> [PROVIDED DATA]:
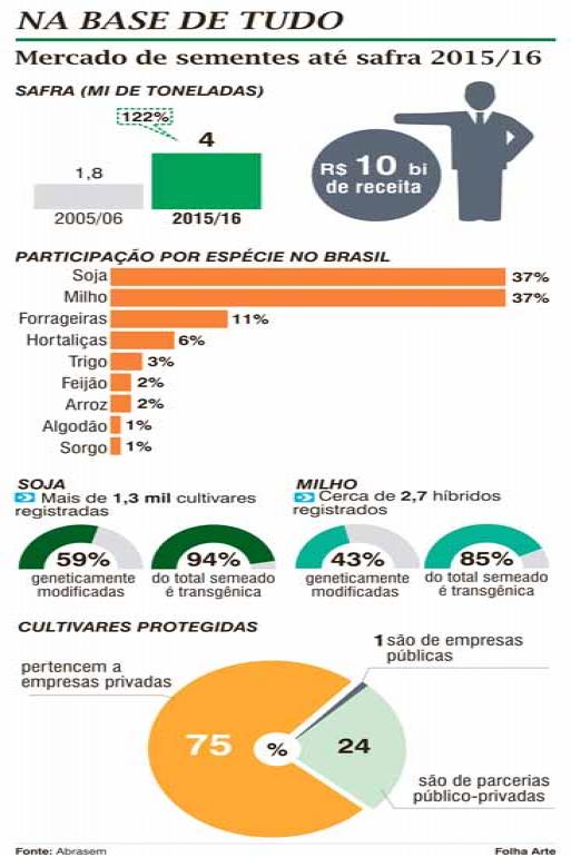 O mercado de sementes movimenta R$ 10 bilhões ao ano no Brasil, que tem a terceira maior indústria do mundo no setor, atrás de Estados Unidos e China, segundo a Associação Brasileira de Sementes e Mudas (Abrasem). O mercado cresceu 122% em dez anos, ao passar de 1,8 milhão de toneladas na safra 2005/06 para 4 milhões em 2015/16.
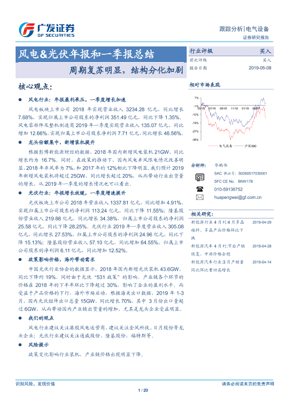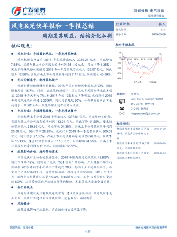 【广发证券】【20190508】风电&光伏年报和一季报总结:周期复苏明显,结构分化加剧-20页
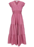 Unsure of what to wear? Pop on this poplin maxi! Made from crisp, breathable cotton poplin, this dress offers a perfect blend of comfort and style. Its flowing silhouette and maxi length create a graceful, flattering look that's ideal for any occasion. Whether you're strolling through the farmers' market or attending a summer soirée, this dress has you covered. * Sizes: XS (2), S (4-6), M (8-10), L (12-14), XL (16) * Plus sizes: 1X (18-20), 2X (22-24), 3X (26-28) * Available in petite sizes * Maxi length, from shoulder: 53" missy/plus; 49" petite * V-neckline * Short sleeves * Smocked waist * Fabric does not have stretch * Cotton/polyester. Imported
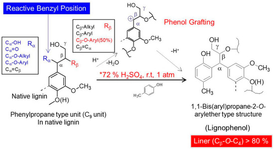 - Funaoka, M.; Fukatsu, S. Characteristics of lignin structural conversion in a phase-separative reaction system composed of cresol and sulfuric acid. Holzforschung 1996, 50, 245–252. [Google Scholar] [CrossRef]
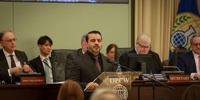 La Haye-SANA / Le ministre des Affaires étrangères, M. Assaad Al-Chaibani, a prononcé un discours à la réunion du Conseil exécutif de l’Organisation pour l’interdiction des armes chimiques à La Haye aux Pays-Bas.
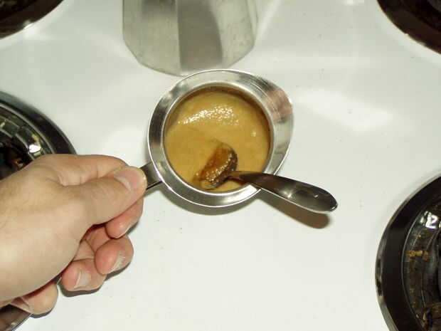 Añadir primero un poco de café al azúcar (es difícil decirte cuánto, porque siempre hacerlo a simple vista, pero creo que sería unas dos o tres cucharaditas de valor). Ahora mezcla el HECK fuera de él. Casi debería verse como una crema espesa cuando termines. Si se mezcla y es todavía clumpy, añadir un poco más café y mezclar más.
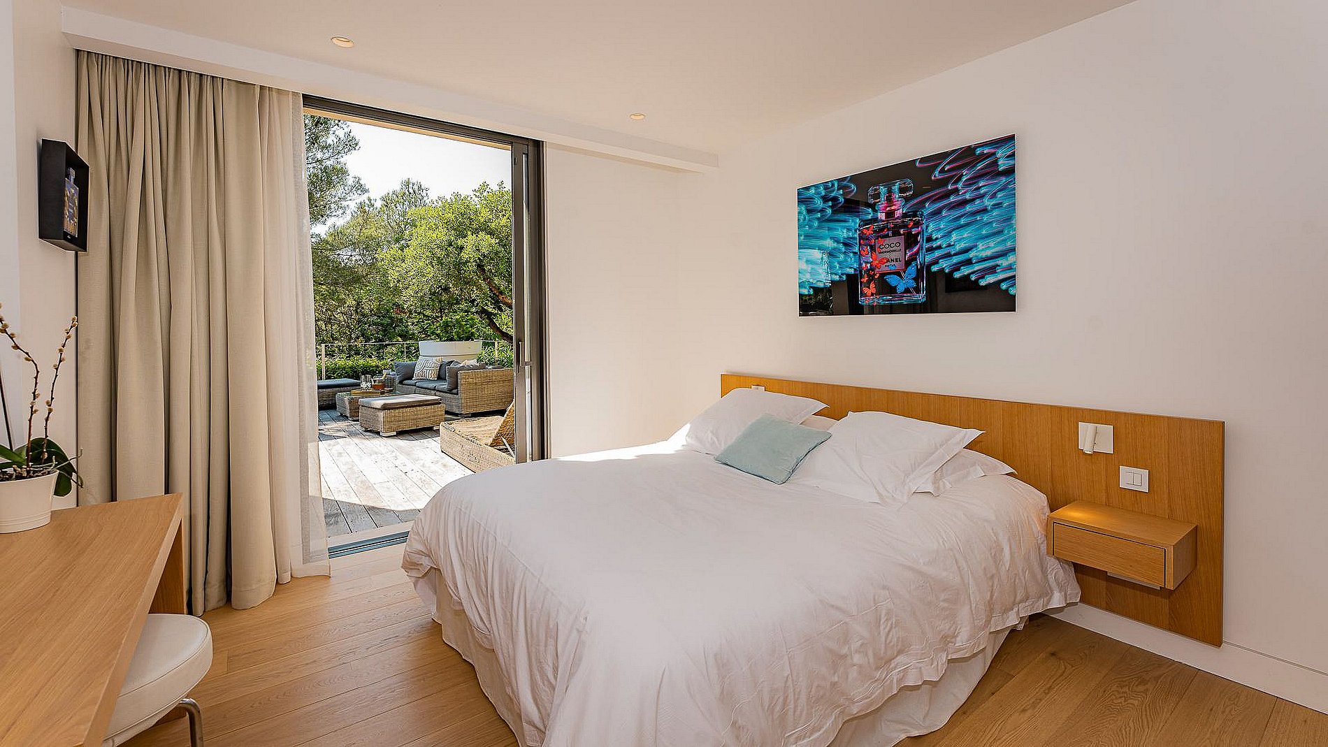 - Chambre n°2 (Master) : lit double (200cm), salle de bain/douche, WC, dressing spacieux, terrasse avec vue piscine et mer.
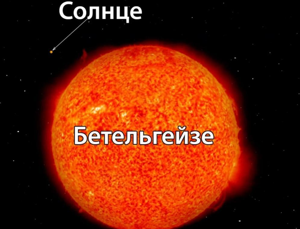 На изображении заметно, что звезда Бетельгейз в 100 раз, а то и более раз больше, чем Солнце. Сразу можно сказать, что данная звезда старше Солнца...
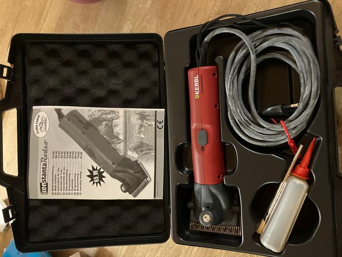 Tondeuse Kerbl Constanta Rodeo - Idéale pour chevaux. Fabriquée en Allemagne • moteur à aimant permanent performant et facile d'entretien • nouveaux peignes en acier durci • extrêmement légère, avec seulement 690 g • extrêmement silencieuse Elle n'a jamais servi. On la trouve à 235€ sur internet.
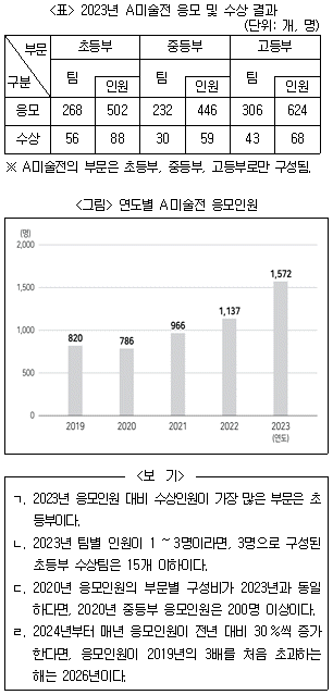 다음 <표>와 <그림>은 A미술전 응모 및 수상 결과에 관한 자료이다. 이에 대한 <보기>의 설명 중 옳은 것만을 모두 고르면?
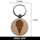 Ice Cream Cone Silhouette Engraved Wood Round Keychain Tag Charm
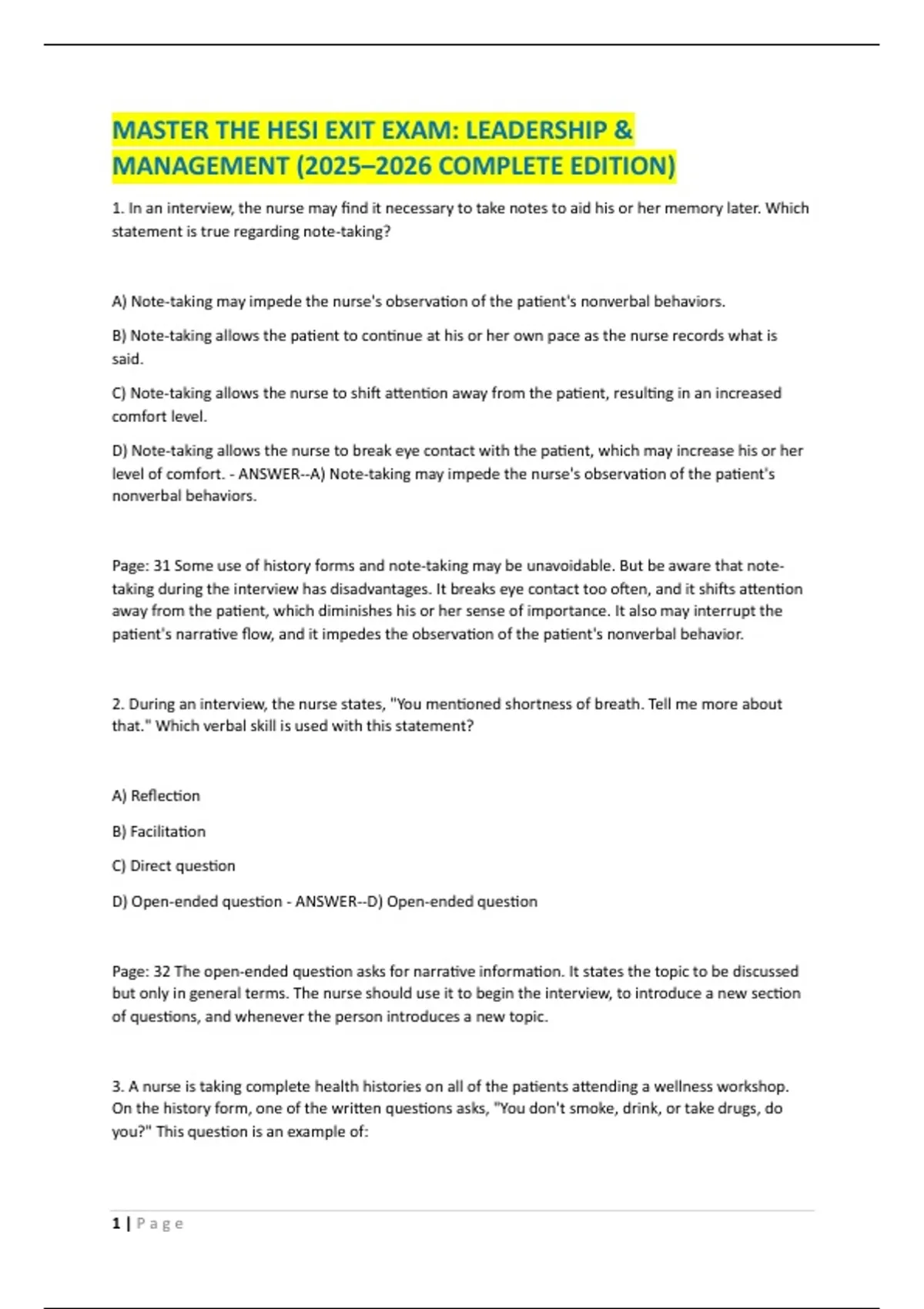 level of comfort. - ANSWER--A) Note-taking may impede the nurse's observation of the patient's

---

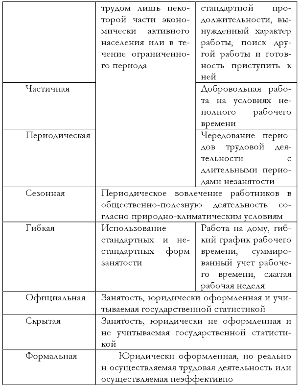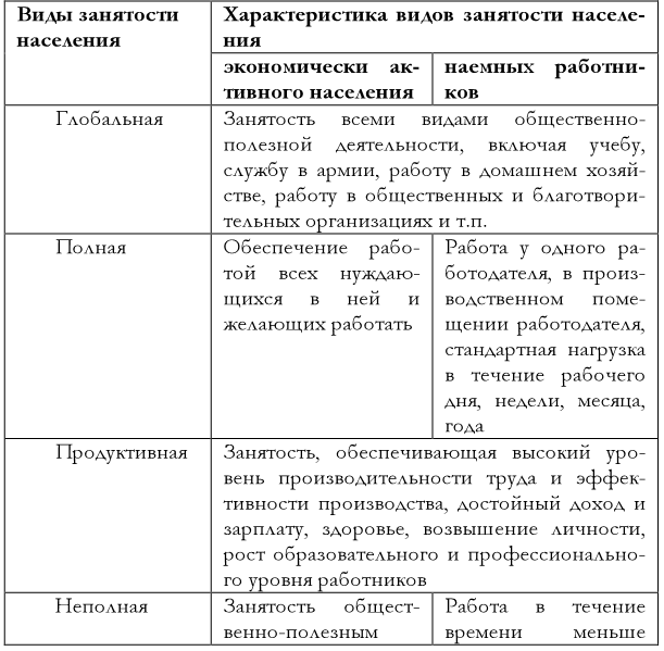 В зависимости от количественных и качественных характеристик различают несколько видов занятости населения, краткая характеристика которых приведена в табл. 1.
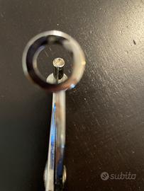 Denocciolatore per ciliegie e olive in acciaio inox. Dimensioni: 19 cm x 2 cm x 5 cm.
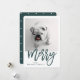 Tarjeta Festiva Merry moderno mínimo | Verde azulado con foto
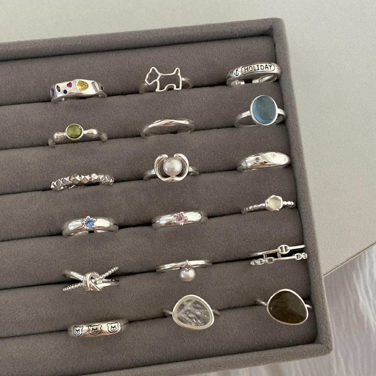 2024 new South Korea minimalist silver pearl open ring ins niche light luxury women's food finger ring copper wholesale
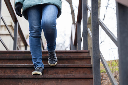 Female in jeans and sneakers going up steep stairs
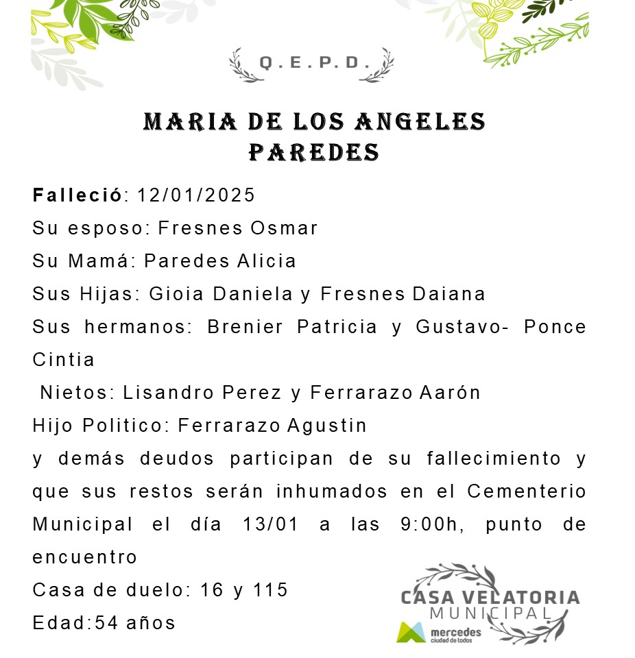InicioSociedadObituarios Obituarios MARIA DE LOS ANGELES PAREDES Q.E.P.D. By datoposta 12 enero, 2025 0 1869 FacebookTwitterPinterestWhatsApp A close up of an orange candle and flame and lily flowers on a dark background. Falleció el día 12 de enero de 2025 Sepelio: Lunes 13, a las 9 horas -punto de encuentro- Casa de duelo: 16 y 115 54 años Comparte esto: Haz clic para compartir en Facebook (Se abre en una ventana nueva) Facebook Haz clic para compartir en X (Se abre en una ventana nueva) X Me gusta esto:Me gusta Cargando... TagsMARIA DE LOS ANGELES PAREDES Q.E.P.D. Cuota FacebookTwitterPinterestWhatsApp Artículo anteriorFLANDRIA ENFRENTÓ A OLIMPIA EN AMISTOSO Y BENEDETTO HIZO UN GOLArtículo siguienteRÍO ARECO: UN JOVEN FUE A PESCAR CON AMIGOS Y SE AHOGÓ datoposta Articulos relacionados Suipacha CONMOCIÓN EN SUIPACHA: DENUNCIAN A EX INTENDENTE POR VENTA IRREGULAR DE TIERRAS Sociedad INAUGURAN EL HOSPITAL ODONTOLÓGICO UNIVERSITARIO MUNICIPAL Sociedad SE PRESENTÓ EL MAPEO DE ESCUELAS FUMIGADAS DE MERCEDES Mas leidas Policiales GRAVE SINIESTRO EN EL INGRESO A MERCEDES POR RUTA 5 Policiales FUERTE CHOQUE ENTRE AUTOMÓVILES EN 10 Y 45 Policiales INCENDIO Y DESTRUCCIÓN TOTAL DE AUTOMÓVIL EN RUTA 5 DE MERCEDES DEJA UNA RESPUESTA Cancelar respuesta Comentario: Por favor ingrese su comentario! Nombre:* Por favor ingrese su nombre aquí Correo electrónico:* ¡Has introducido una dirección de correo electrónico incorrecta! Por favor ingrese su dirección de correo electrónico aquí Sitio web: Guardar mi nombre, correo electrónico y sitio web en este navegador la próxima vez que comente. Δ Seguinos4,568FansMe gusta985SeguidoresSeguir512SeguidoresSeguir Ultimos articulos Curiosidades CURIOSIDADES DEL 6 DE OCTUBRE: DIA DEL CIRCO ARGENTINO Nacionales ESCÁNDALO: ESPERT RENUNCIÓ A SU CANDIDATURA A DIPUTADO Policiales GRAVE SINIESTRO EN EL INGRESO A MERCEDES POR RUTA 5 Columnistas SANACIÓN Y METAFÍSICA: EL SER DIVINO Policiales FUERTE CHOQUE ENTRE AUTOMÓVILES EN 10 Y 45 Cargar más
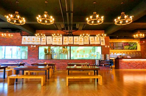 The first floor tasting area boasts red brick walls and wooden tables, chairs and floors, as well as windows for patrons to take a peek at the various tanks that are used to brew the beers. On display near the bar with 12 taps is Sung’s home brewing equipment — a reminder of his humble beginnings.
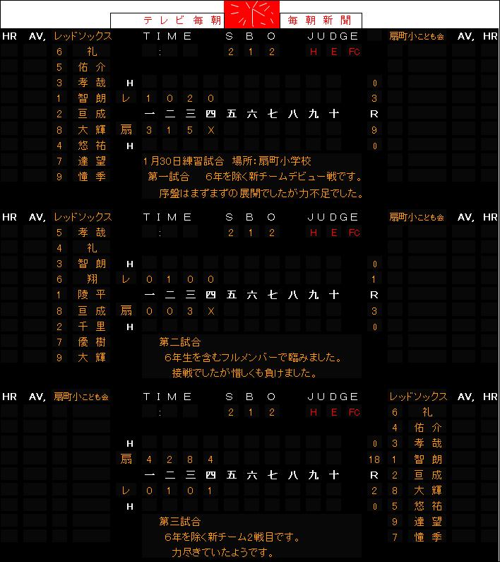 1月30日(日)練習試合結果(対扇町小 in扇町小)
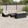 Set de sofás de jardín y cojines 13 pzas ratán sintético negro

==

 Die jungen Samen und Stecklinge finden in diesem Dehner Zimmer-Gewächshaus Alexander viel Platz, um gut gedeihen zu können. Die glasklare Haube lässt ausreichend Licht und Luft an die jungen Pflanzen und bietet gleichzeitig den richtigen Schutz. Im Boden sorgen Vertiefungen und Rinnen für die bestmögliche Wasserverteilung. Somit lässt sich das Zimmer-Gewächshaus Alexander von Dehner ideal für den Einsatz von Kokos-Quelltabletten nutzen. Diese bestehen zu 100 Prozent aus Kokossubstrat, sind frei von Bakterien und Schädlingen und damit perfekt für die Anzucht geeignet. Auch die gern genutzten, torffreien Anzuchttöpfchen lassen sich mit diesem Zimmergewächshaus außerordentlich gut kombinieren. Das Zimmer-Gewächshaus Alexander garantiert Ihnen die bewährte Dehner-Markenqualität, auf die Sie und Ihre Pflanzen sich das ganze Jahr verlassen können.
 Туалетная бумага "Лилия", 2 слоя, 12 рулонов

> [WHAT YOU NEED TO DO]: Make an exact copy of the lines above, beginning with the line with "- Funaoka, M.;" and ending with the line with "На изображении заметно, что", and keep the pictures out of it.

> [ANSWER BOX]:
 - Funaoka, M.; Fukatsu, S. Characteristics of lignin structural conversion in a phase-separative reaction system composed of cresol and sulfuric acid. Holzforschung 1996, 50, 245–252. [Google Scholar] [CrossRef]
 La Haye-SANA / Le ministre des Affaires étrangères, M. Assaad Al-Chaibani, a prononcé un discours à la réunion du Conseil exécutif de l’Organisation pour l’interdiction des armes chimiques à La Haye aux Pays-Bas.
 Añadir primero un poco de café al azúcar (es difícil decirte cuánto, porque siempre hacerlo a simple vista, pero creo que sería unas dos o tres cucharaditas de valor). Ahora mezcla el HECK fuera de él. Casi debería verse como una crema espesa cuando termines. Si se mezcla y es todavía clumpy, añadir un poco más café y mezclar más.
 - Chambre n°2 (Master) : lit double (200cm), salle de bain/douche, WC, dressing spacieux, terrasse avec vue piscine et mer.
 На изображении заметно, что звезда Бетельгейз в 100 раз, а то и более раз больше, чем Солнце. Сразу можно сказать, что данная звезда старше Солнца...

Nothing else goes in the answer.